Malgré ses idées, il s’est marié par amour une trentaine d’années plus tôt, avec une roturière issue d’une riche famille bourgeoise. Ce mariage lui vaut l’opprobre de sa famille et notamment de sa mère, qui n’admet pas ce mariage contre nature. Pour elle, la noblesse doit s’unir avec la noblesse comme si les années de la Révolution n’avaient pas existé. Ainsi , sa mère ne l’a plus jamais revu depuis ses noces. Elle est partie vivre en Normandie avec ses filles dans un château de sa famille. Elle ignore jusqu’à l’existence de ses petits-enfants et n’écrit jamais pour demander de nouvelles. On dit même que lorsque son fils lui écrit, elle déchire les lettres sans les lire. Cela fait que depuis quelques années, il n’y a plus aucune relation entre les deux châteaux. Malgré ces difficultés, les duc est toujours amoureux d’Agathe .

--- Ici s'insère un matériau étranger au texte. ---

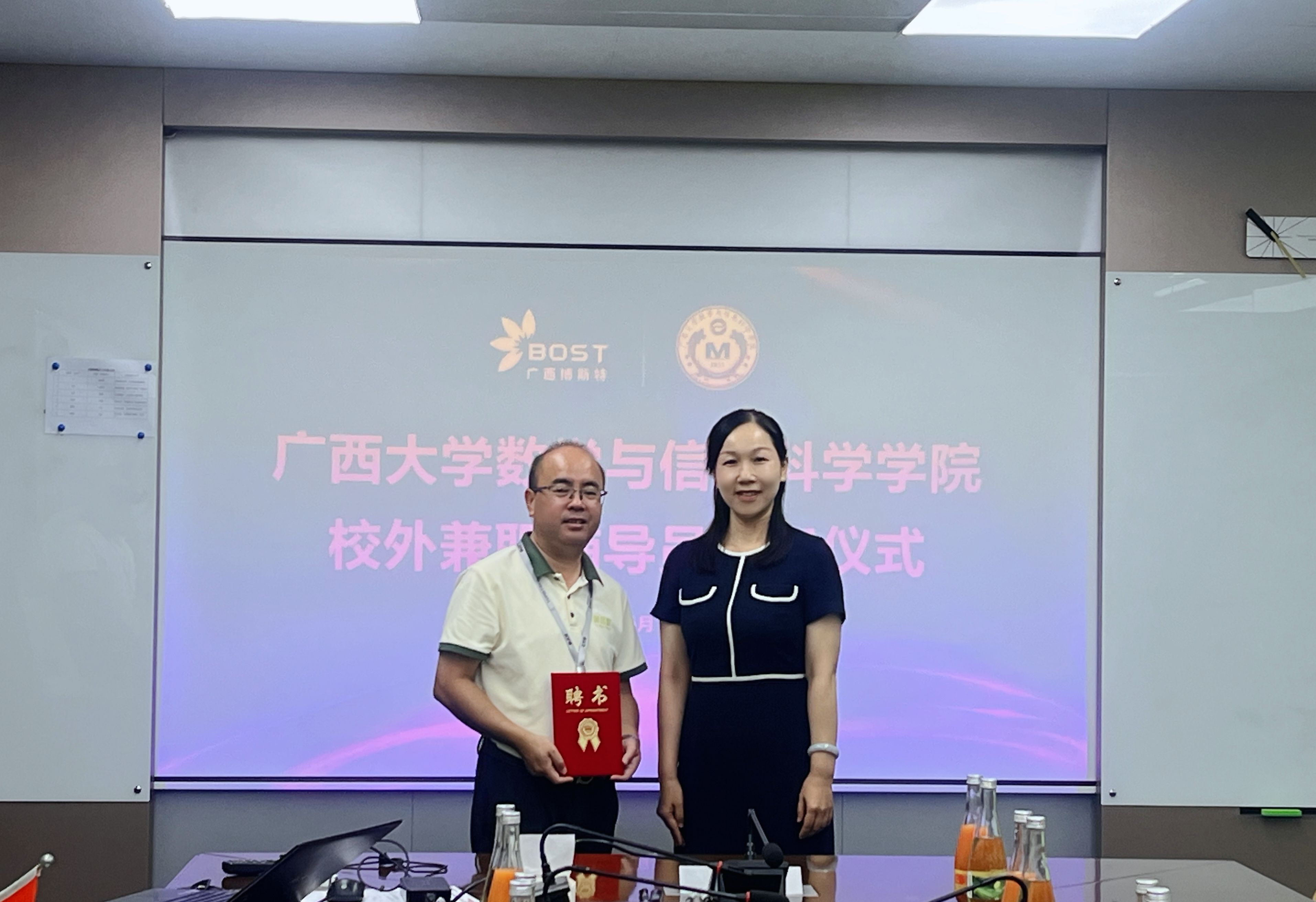 校外兼职辅导员聘任仪式,吴华丽为张誉颁发聘书,聘任其为亚洲色吧

La nouvelle duchesse est issue d’une famille bourgeoise de la région parisienne que le duc a connue lors d’un bal mondain. Le titre de duchesse a exacerbé son ego. Elle regarde de haut tout le personnel du château et ne touche jamais balais, couture, fourneaux ou autres instruments de la vie familiale. Malgré cela, elle est toujours présente quand on fait appel à son bon cœur. Elle devient maternelle avec le personnel dès que celui-ci a un problème. Dans ces moments, pour le duc, elle est l’alliée des socialistes qui creusent la tombe de la France. Les discussions deviennent alors orageuses mais elle tient bon. Aidée par son fils Jacques, elle obtient souvent gain de cause. La duchesse est très à cheval sur l’étiquette et la politesse. Pour les repas, une tenue correcte est exigée, pas question de venir avec des manches courtes ou un débardeur. À table, on se tient bien, principale raison pour laquelle les enfants n’y sont généralement pas admis. Quand ils y viennent, ils ne peuvent parler qu’après en avoir demandé l’autorisation et il en est de même quand ils veulent sortir de table.